Climate talks missing buzz and a vital sense of urgency
One year ago, almost to the day, I had just left an air-conditioned conference centre in South Africa where international climate negotiators were still working on a deal to take one more arduous step forward in the effort to reign in global warming.
Fast-forward to the present and I’m on another continent but otherwise experiencing a disappointing sense of déjà vu.

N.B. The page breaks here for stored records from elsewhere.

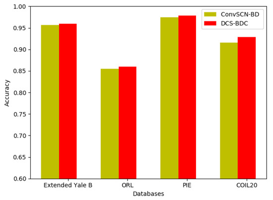 For visually intuition, we show the corresponding derived representation matrix, as a clearer block diagonal structure of the representation matrix results in higher clustering performance. We show the three databases (Extended Yale B, ORL and COIL20) in Figure 2. Clearly, the representation matrix Z has apparent block diagonal structure. We next explore the advantages of the method using the separation strategy (DSC-BDC) over the method without the separation strategy (ConvSCN-BD). We plot the accuracy of different databases in Figure 3. This implies the effectiveness of the separation strategy.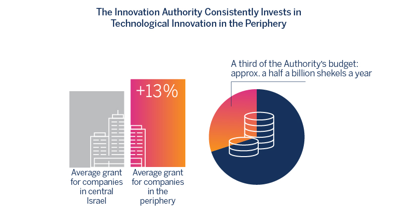 This policy was not created in a vacuum. For years, the Chief Scientist’s Bureau in the Ministry of Economy, from which the Innovation Authority was born, endeavored in a number of ways, to promote technological innovation in the periphery. Firstly, companies from all sectors located in the periphery8 received increased grants. Secondly, as part of the Technological Incubators Program, incubators operated, and still operate today, in a range of peripheral areas. Furthermore, large high-tech companies that established development centers in the periphery received special benefits. Approximately a third of the Authority’s annual grants budget was allocated in recent years to R&D activity in the periphery – a total of about half a billion shekels ($140 million) a year.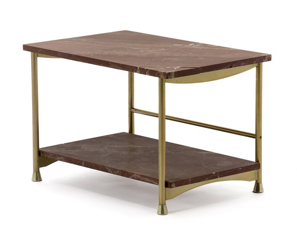 Tavolino da salotto su disegno. Torino, Anni '70/'80. Montanti e traverse in tubolare e piattina metallica ottonata, due ripiani in marmo rosso. (cm 70x45x45) (difetti)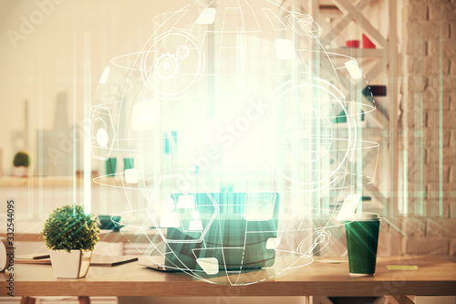 Double exposure of social network theme drawing and office interior background. Concept of web.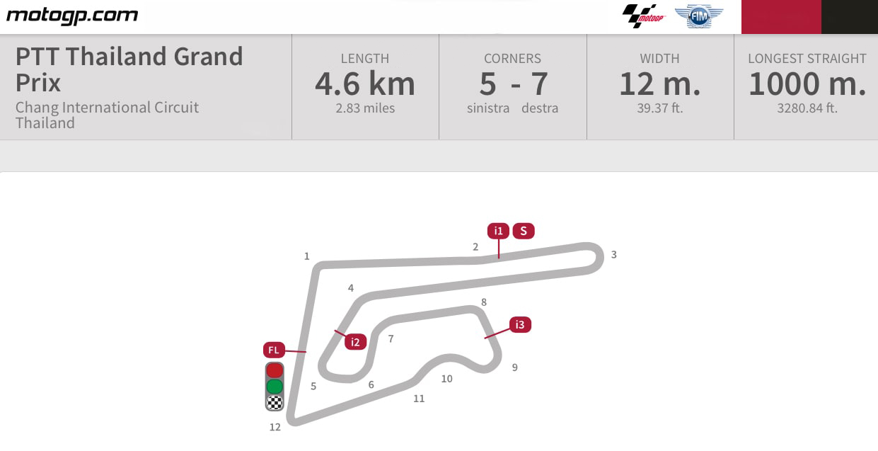 However, the first overseas round at the Chang International Circuit in Buriram (Thailand) poses a new challenge for the Italian bikes on asphalt that has proven to be demanding for riders and mechanics. The high temperatures combined with a unique layout require a particular fine tuning which is a compromise between the stability required by the fast-initial part and the agility that is so essential on the turns.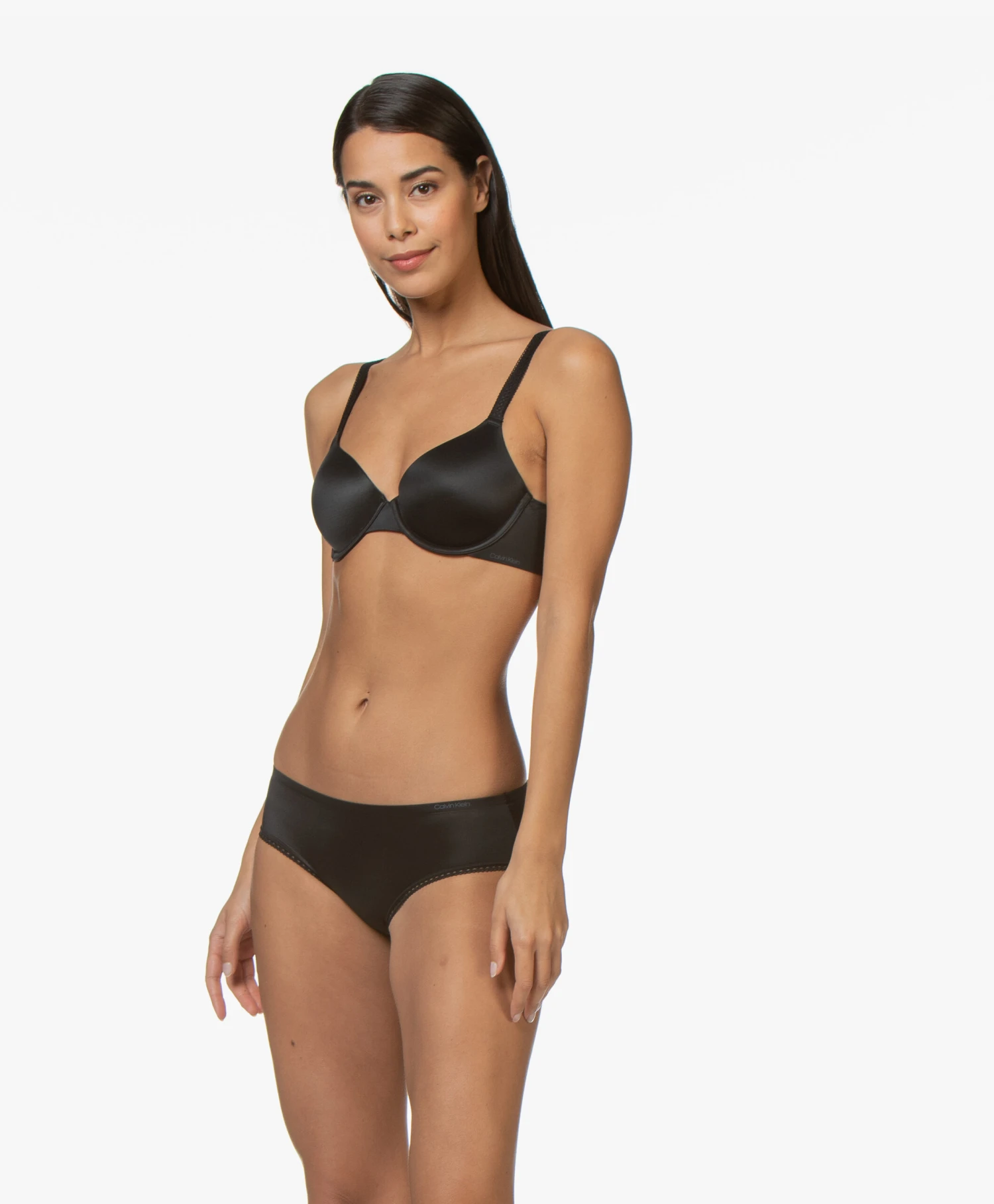 Deze zwarte Lightly Lined BH van Calvin Klein is onderdeel van de Liquid Touch lijn die innovatieve technologie combineert met verleidelijk en eigentijds design. Gemaakt van een subtiel glanzende microvezel jersey kwaliteit met ‘Liquid Siliconen’ technologie die ultieme bewegingsvrijheid biedt en de ondersteuning evenredig verdeelt over de gehele vleugel.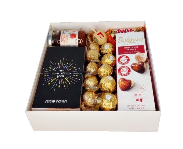 מארז מעוצב לחנוכה, המשלב את סממני החג-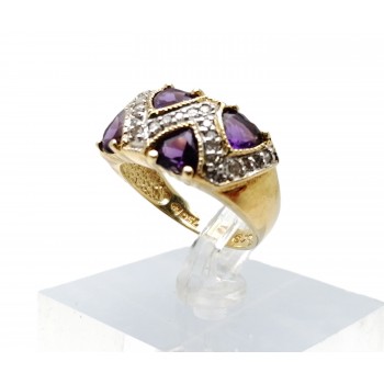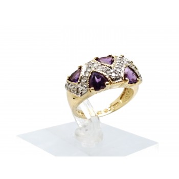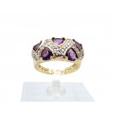 Se vende anillo de oro bicolor de 18 quilates macizo con Diamantes y Amatistas de segunda mano.

As I write this, a final agreement has been reached and delegates from the United Nations Framework Convention on Climate Change (UNFCCC) Conference of the Parties (CoP), the international climate conference which has been convened on a more or less annual basis since the Rio Earth Summit in 1992, are flocking home after countless sleepless nights but relieved that the global regime which governs the Earth’s climate didn’t collapse altogether.
This year’s meeting – CoP18 – was held in Doha, Qatar. Eyebrows were raised when Qatar was announced as the host nation, not least because it is the country with the world’s highest per capita carbon emissions. The Gulf States as a collective are not famed for their stewardship of the environment and it was feared that having Qatar preside over the conference would be one more nail in the coffin of an ambitious climate regime. In the event, that fear didn’t really materialise, although there have been many grumbles about the chair’s failure to inject a sense of urgency into the negotiations from earlier on in the proceedings.

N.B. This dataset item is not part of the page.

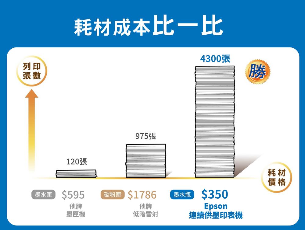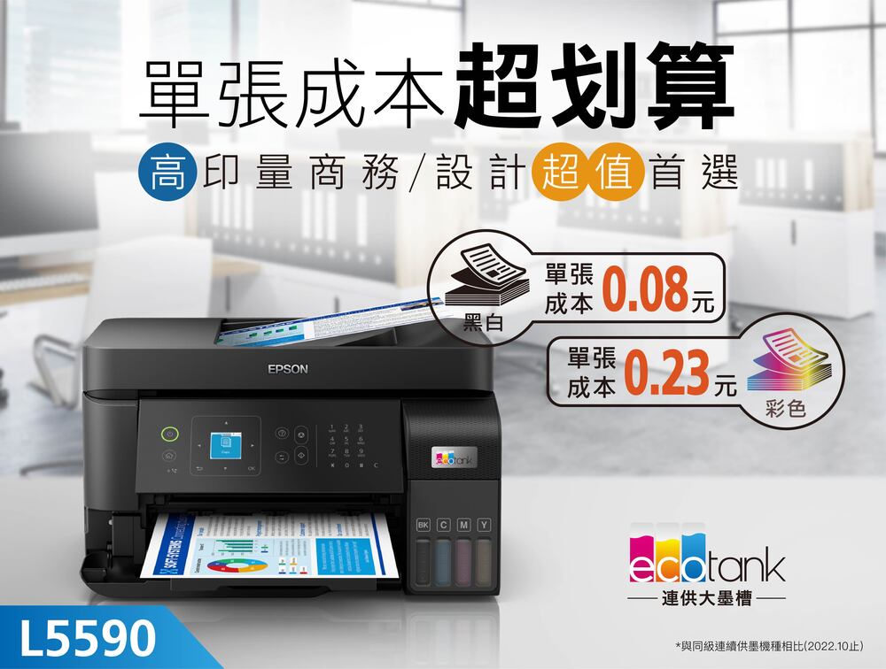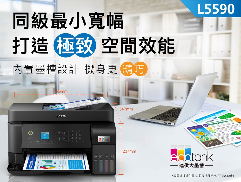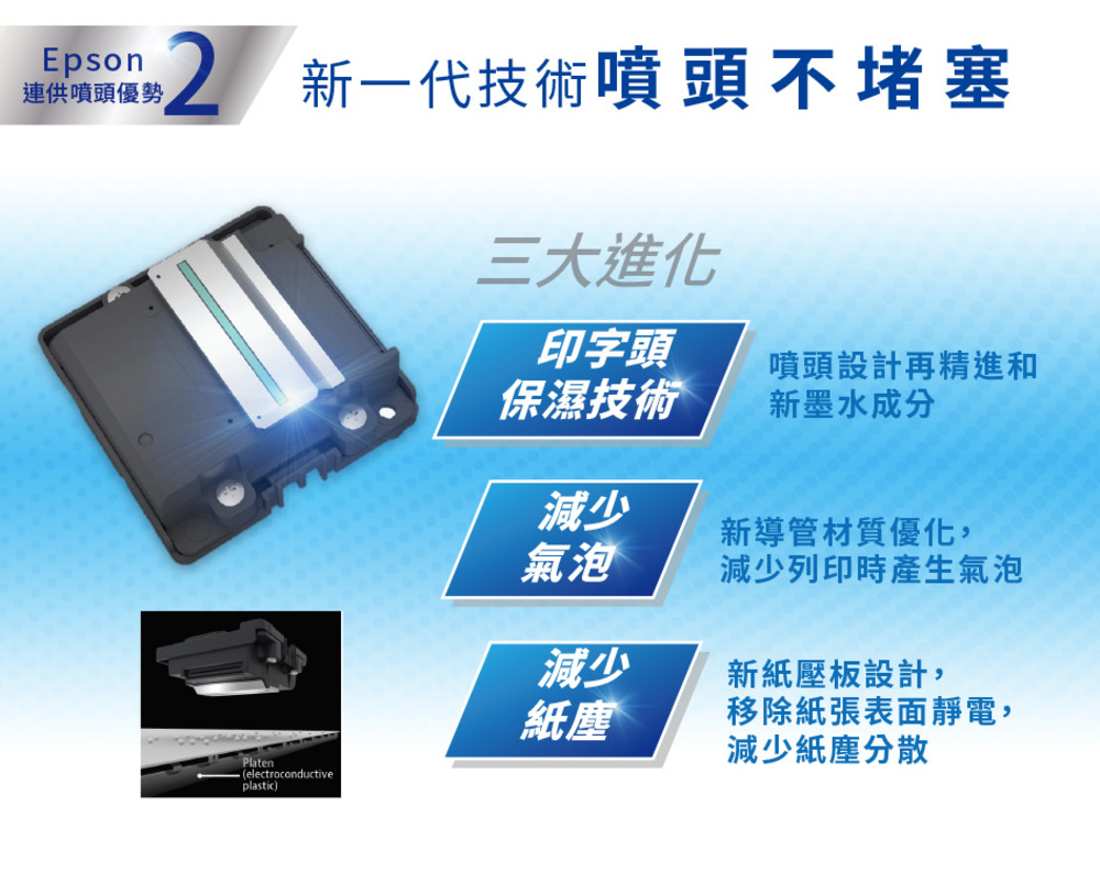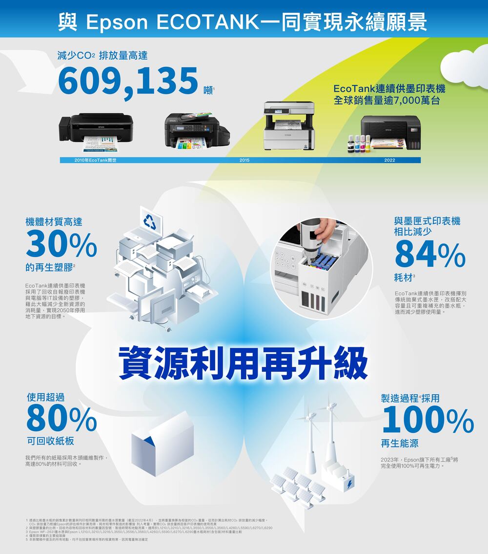 ‧全新系列連續供墨印表機採用高達30%可回收塑膠材質,外包裝也使用將近80%可回收紙材

While last year’s outcome (an agreement to “launch a process to develop a protocol, another legal instrument or an agreed outcome with legal force under the Convention applicable to all Parties”) was hardly overwhelming, there was nonetheless a slight buzz in the corridors as CoP17 drew to a close. That buzz was singularly lacking in Doha. Maybe it’s because the (stunning) conference centre was so enormous, but a lot of people I spoke to just seemed jaded by the whole process.
That is in large part due to the very different political dynamics at this year’s talks. Just to take one example, the EU was last year lauded for its role in rallying a coalition of least developed countries and small island states to broker the face-saving deal on reaching a global climate agreement by 2015, entering into effect by 2020. This year, NGOs feel let down by the EU for a whole host of reasons, including its reluctance to increase its emissions reductions target from 20 per cent below the 1990 level to 30 per cent (even though it is currently at 27 per cent) and Poland’s intransigence on the carryover of 13 gigatonnes-worth of emissions credits into the second commitment period of the Kyoto Protocol (this is called “hot air”).
Of course, no one expected a major ‘event’ to happen at this year’s CoP, and although many people hoped that Qatar would use the opportunity of its Presidency to make its own pledge, it disappointingly chose not to.
In what some have described as a symbolic gesture, given the absence of major emitters, Parties agreed on a second commitment period of the Kyoto Protocol from 2013 to 2020 with commitments for the EU, Australia, Belarus, Kazakhstan, Monaco, Norway, Switzerland and Ukraine. Overall, however, there was no real increase in mitigation ambition, despite the existence of an enormous 8-13 gigatonne gap between the pledges that have been enshrined in international law and the effort required to limit global temperature rise to two degrees centigrade above pre-industrial levels by 2020.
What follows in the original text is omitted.